[Items from a dataset]
%%
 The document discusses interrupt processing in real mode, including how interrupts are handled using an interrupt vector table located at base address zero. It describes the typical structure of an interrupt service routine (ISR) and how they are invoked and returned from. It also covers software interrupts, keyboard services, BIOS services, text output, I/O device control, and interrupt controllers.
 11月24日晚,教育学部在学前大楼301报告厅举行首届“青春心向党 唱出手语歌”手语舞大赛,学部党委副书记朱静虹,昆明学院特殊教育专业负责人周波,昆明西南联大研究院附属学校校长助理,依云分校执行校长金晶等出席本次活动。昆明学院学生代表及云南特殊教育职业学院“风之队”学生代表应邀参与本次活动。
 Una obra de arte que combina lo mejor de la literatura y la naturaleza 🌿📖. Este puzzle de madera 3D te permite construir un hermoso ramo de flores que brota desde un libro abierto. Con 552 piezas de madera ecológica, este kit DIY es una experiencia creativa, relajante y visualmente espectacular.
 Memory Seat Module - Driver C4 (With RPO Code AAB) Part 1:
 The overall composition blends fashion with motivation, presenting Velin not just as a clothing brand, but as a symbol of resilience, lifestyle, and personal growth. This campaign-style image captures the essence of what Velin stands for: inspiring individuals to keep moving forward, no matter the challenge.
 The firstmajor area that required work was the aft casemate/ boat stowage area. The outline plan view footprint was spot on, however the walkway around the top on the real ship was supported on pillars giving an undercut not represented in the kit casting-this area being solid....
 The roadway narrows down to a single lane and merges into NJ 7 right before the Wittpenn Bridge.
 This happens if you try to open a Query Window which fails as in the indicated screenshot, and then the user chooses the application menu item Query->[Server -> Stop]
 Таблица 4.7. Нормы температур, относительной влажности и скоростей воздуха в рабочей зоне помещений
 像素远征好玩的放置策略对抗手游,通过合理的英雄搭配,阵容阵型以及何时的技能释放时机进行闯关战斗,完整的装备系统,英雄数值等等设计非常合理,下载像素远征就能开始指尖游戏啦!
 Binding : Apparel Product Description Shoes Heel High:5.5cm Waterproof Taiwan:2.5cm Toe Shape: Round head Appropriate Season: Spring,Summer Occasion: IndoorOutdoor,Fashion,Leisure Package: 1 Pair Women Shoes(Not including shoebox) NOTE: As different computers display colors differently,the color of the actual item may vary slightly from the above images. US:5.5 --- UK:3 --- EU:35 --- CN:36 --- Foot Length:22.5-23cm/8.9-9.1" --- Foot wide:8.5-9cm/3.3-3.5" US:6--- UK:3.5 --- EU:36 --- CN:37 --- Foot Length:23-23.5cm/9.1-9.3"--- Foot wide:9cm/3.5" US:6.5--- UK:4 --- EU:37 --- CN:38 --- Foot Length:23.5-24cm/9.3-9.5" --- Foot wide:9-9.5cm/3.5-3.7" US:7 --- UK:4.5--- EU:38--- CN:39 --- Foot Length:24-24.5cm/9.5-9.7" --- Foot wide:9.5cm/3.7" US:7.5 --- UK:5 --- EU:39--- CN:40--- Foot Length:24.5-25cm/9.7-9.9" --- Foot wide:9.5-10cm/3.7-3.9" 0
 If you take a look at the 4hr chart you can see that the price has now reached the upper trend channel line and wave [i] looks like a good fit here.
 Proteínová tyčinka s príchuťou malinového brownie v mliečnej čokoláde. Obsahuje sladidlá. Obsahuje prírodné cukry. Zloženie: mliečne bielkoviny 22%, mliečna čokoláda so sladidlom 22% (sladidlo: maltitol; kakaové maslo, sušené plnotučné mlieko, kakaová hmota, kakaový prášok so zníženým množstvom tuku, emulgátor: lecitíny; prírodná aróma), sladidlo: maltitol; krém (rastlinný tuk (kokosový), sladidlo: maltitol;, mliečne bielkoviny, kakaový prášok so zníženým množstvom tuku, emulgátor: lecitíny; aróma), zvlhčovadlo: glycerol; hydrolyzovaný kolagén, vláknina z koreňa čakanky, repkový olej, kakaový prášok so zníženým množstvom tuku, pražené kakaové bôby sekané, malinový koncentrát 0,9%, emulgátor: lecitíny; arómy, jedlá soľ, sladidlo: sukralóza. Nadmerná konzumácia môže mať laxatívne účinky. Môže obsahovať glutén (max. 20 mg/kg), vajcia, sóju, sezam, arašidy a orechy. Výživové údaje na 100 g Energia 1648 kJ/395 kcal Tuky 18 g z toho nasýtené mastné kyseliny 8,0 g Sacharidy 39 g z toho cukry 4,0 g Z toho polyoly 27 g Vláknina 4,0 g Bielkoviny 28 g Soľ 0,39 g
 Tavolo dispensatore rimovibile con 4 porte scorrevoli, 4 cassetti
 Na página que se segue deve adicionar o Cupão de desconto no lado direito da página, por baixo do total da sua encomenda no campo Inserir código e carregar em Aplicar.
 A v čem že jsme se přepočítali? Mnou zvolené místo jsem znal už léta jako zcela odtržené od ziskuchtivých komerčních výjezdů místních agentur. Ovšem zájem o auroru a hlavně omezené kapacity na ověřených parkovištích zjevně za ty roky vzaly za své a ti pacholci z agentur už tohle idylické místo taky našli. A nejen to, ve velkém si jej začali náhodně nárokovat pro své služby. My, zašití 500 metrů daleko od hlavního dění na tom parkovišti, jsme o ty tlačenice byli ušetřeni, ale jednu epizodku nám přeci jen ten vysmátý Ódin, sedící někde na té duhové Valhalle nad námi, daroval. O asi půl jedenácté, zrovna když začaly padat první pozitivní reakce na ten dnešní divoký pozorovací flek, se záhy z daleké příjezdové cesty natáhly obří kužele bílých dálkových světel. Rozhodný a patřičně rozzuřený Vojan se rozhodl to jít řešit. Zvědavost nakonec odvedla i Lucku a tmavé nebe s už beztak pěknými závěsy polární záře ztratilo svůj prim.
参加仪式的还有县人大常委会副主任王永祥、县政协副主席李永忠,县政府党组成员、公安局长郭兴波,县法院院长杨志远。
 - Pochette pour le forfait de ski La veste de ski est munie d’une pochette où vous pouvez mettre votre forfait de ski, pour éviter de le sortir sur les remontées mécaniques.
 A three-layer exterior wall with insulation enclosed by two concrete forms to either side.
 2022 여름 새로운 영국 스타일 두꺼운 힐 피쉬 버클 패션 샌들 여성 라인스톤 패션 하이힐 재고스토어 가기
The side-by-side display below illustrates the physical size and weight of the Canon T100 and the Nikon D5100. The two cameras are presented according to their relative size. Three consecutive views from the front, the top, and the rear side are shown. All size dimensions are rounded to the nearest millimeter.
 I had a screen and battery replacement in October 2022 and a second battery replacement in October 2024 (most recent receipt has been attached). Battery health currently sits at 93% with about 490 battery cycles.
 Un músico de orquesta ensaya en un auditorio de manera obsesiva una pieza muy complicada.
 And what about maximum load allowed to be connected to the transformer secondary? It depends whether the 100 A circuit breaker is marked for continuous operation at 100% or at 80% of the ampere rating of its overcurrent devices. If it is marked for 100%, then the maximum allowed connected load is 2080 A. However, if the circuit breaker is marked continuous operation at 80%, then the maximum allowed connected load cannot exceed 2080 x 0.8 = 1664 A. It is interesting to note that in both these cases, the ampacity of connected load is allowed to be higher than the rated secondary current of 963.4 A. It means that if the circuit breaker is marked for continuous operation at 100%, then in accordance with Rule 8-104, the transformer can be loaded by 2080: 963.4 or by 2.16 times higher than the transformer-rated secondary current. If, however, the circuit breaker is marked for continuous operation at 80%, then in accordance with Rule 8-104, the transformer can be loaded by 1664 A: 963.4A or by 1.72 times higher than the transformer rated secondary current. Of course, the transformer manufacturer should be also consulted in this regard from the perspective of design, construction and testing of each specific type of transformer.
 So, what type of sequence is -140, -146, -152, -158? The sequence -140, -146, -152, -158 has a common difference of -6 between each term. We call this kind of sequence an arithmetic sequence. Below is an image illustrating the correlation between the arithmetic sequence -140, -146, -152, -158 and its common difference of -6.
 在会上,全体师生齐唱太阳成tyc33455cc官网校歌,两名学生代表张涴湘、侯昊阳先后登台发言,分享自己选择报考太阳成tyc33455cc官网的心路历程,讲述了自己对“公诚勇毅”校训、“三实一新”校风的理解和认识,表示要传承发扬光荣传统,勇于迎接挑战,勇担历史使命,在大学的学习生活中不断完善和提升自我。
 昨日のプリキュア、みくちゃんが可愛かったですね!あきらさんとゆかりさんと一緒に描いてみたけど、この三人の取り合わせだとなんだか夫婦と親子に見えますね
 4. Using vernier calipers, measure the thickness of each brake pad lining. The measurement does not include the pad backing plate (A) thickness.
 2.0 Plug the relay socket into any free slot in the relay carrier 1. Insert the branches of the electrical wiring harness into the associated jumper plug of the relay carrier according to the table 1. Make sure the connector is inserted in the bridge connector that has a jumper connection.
%%
**Work to complete:** Line count for "real": count the lines in the records above that contain this word, and write only the number.

**Output for this exercise:** 2